The State of Kerala, lying in the south west part of federal India, has been witnessing an experiment in decentralisation as part of this global phenomenon for more than a decade and that leaves an imprint of promising hope. Kerala could set a good framework in all facets of decentralisation. There is no doubt Kerala has been a very fertile land for decentralisation due to its resourcefulness, infrastructural attainments and progressive political consciousness.
Kerala launched the participative, people oriented decentralisation movement in 1996 under its much acclaimed “Peoples Plan Campaign’. Since then, the campaign passed through phases of experimentation, consolidation and ongoing institutionalisation. The Campaign took decentralised planning as an entry point into a broad spectrum of reforms in local governance such as building up governance structures, devolving finance, functions & functionaries, setting up systems for good governance and so forth. Certainly Kerala needs to go far ahead along the difficult path of decentralisation of powers. But the campaign succeeded in leaving a worthy methodology of multi-level decentralised planning, probably with no parallel in the world, for others to learn, modify and experiment elsewhere.

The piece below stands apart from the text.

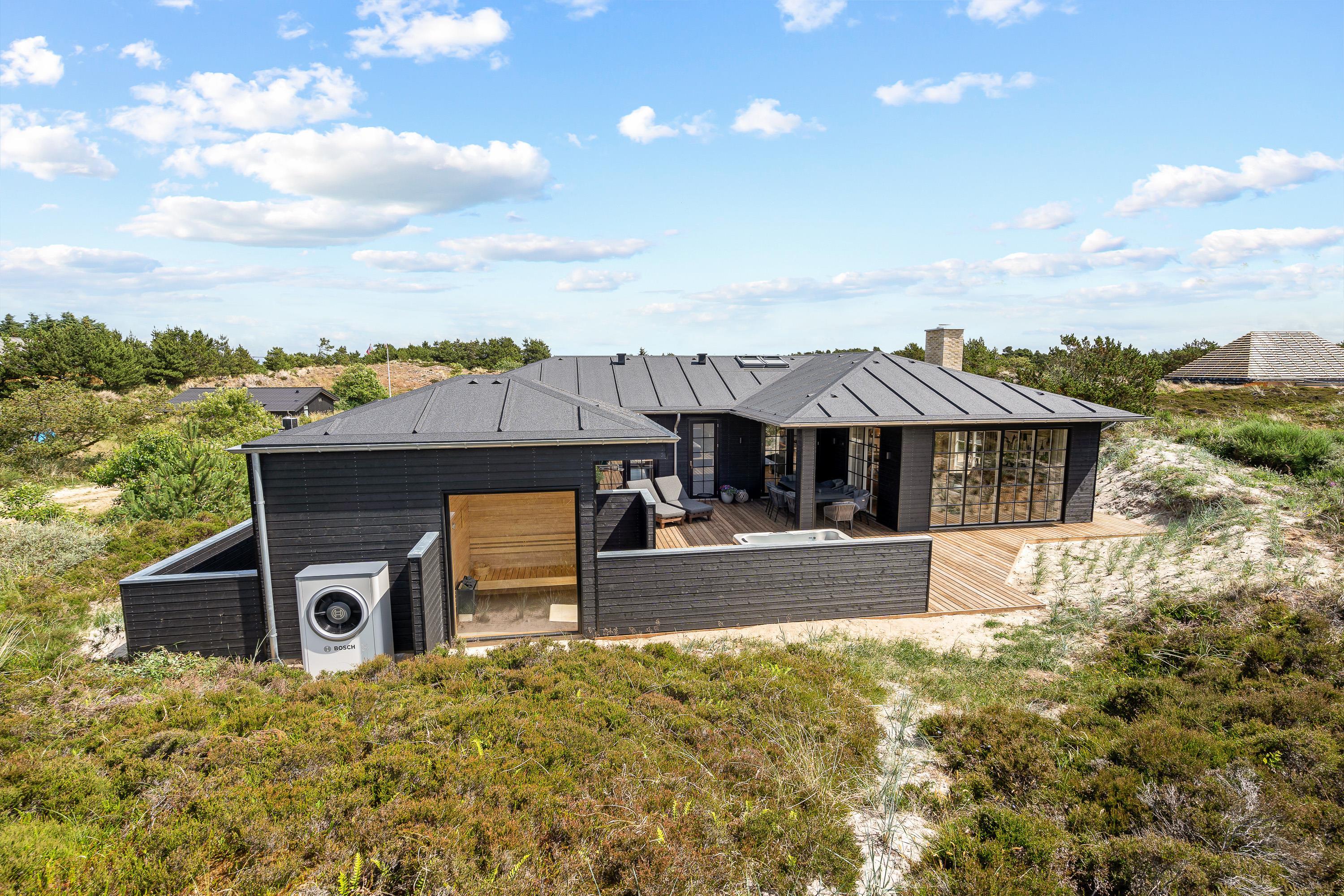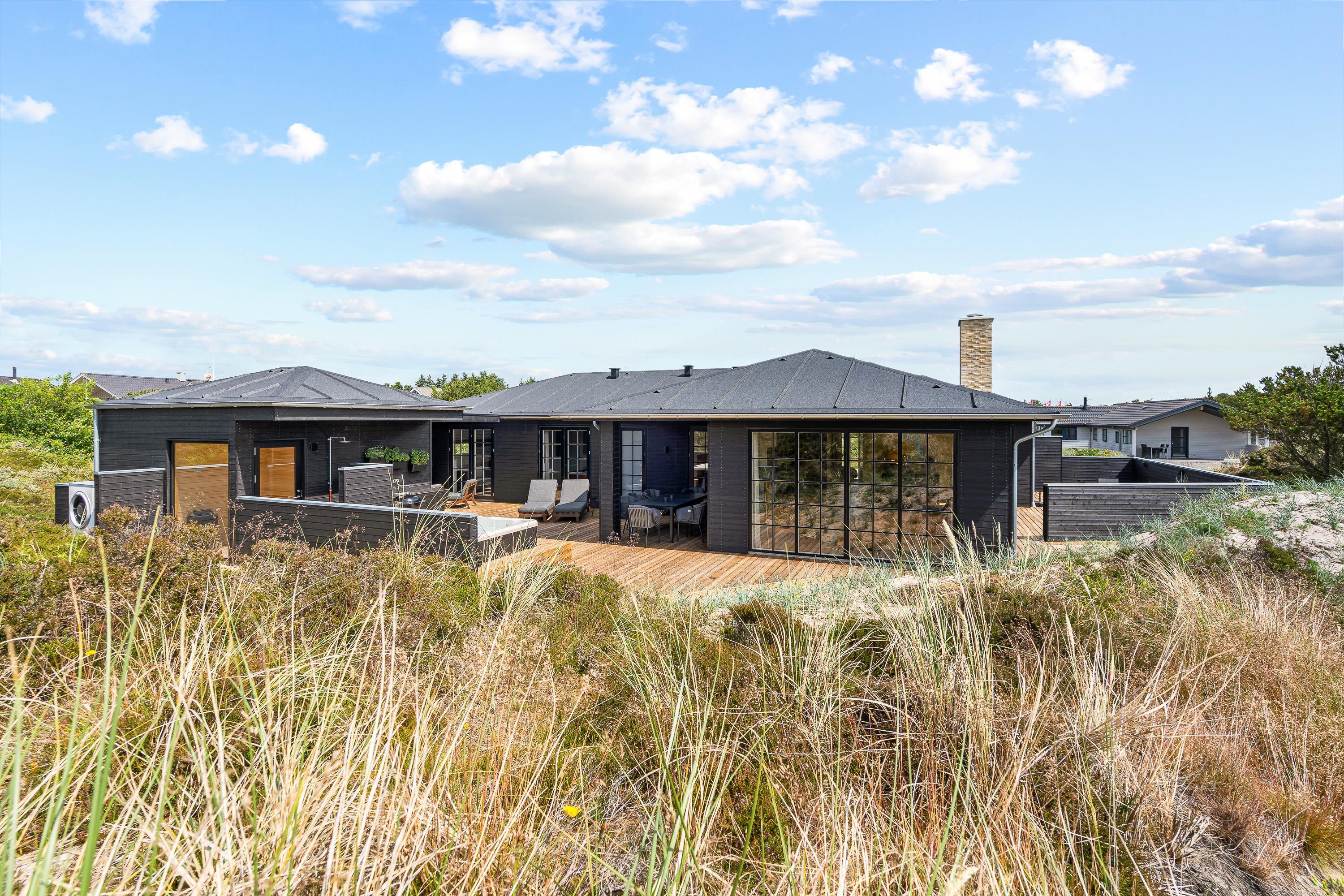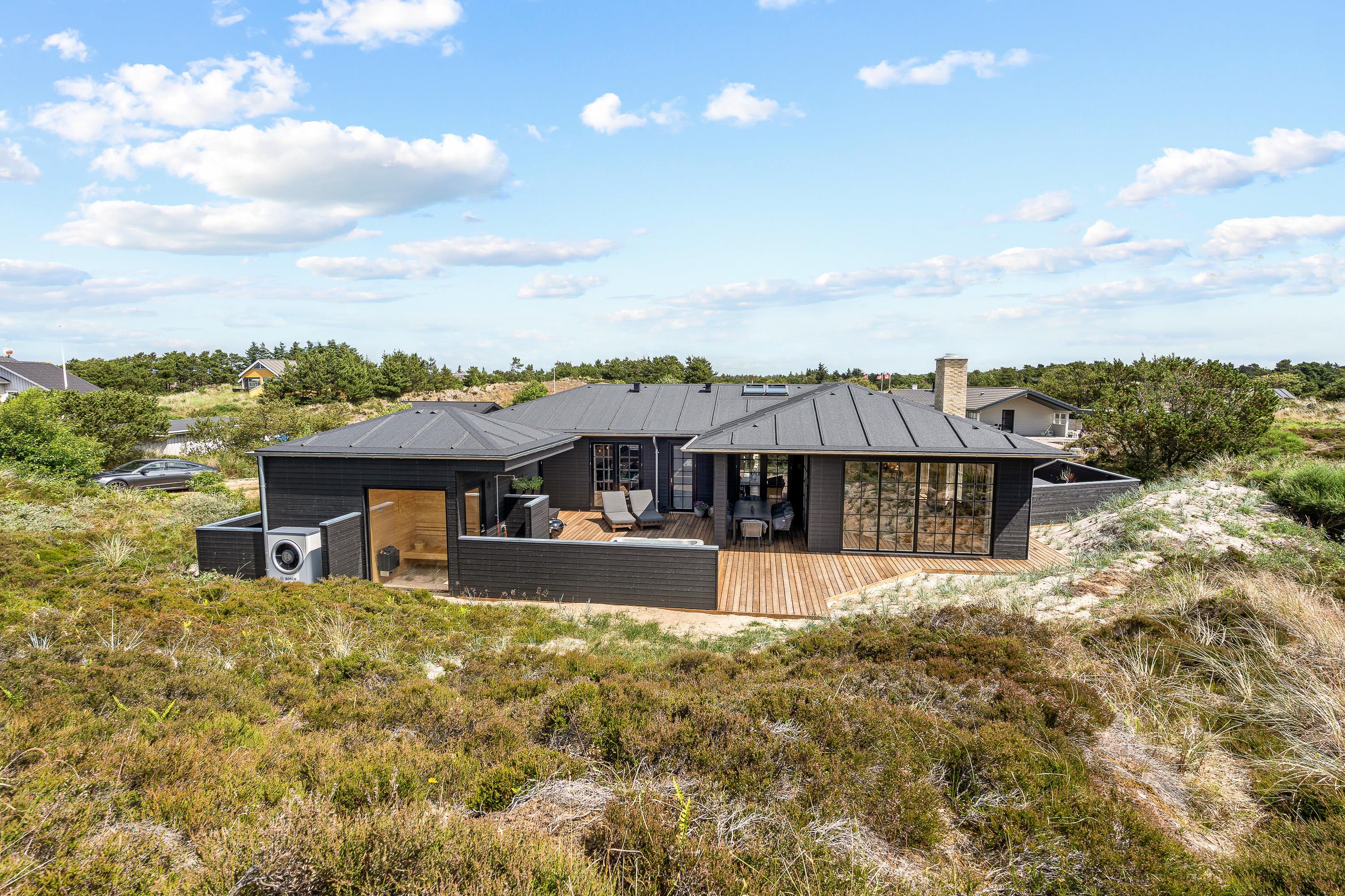 Til jer, der gerne vil holde en ferie i naturskønne omgivelser tæt på Vesterhavet og samtidig nyde en masse afslapning og luksus, er dette sommerhus på Frytlevej 8 det perfekte valg. Det moderne sommerhus, der er bygget i 2022, ligger forenden af en blind vej, kun 700 meter fra Vesterhavet og byder på blandt andet udespa, udesauna, udebruser og billardbord. Her er noget for enhver, og I vil uden tvivl få jer en dejlig ferie i dette sommerhus. Feriehuset rummer plads til 8 personer, og har I hund, er den også velkommen. Desuden er det muligt at lade jeres el-bil op ved feriehusets ladestander - eget kabel (type 2) medbringes.

On Decentralisation in Kerala
The distinctiveness of Kerala decentralisation is that it has formalised a participatory framework, with built in social accountability measures, to take in citizens’ involvement in local planning and governance, in harmony with the national and regional policies. Public consultation is being done at the bottom most electoral constituency called Ward/Grama Sapha. Such consultation meetings are convened by the elected member of the constituency. The information collected from this consultation process is fed into Local Government Development Report that provides the development status and potential of the local government. Working Groups for each sector translates the ideas into draft development projects in compliance with the guidelines of the State. The local government appraises the projects, matches them with the available resources and approves with necessary refinement, before submitting them to the district Planning Committee in the form of a consolidated local plan for final sanctioning. The District Planning Committee, with the help of Technical Advisory Groups, examine the plan for technical viability and compliance with the government guidelines and sanction the plan which will be implemented by the concerned local government with the help of its officers, working Groups or Stake Holder Groups.
The framework of Kerala decentralisation has built-in features of good governance. Social accountability is integrated into the process, citizens’ consultation is possible at every state, involvement of non-governmental stake holders is possible, right to information is built-in, Ombudsman oversees public grievances, community contracting is allowed and similar possibilities are integrated in the framework. But some academics view that the celebrated ‘People’s Planning Campaign’, when pared down to substantial elements, yields a motley patchwork of reform ideas such as ‘participatory democracy’, ‘pro-poor growth’, ‘good governance’. ‘social capital’, ‘new public management’, ‘gender mainstreaming’ etc, borrowed from the various alternative frameworks for democracy-and-development.